The Paris Club is a strictly informal group of countries that are creditors to debtor nations. The role of the club is to identify and coordinate sustainable solutions to help debtor countries meet their repayment obligations, such as through debt rescheduling (where debt repayments are postponed) or by forgiving portions of debt. A general rule of thumb is that the club only meets debtors in need of debt relief, who are committed to reforms to strengthen their economic and financial situation, such as a current poverty reduction or growth facility programme supported by the IMF.

While the Paris Club holds itself up to its own rules and regulations, the club itself is without a legal basis or status. Neither are the outcomes of meetings legal agreements; creditor nations which participate in negotiations instead sign an Agreed Minute, which gives the effect of requesting their own governments to sign bilateral agreements with debtor countries. A permanent secretariat exists which is staffed by employees of the French treasury, and it has its own website (www.clubdeparis.org).

The club grew from a meeting between creditor nations and Argentina in 1956 in Paris.
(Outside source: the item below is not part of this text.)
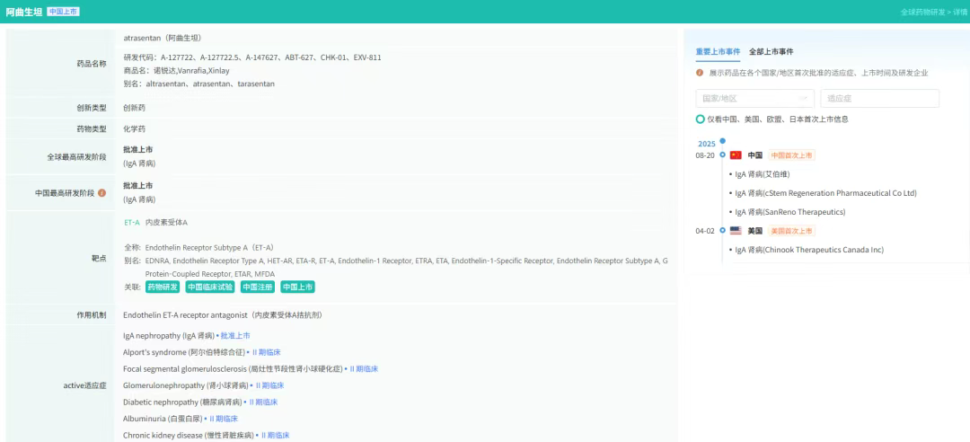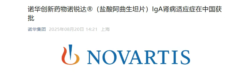 8月20日,诺华公司宣布其创新产品盐酸阿曲生坦片(诺锐达®)正式获得国家药品监督管理局(NMPA)批准,用于降低有疾病进展风险的原发性免疫球蛋白A肾病(IgAN)成人患者的蛋白尿。这一适应症此前已被国家药品监督管理局药品审评中心(CDE)纳入优先审评,是诺华在肾脏疾病治疗领域的又一重要突破。

Meetings are convened ten to eleven times a year in Paris, where members discuss debt rescheduling issues. Since then over 386 agreements have been signed between eighty debtor countries and the following: 19 permanent members (plus several other creditors invited on a case by case basis):

Austria, Australia, Belgium, Canada, Denmark, Finland, France, Germany, Ireland, Italy, Japan, Netherlands , Norway, Russia, Spain, Switzerland, Sweden, the United States and the United Kingdom.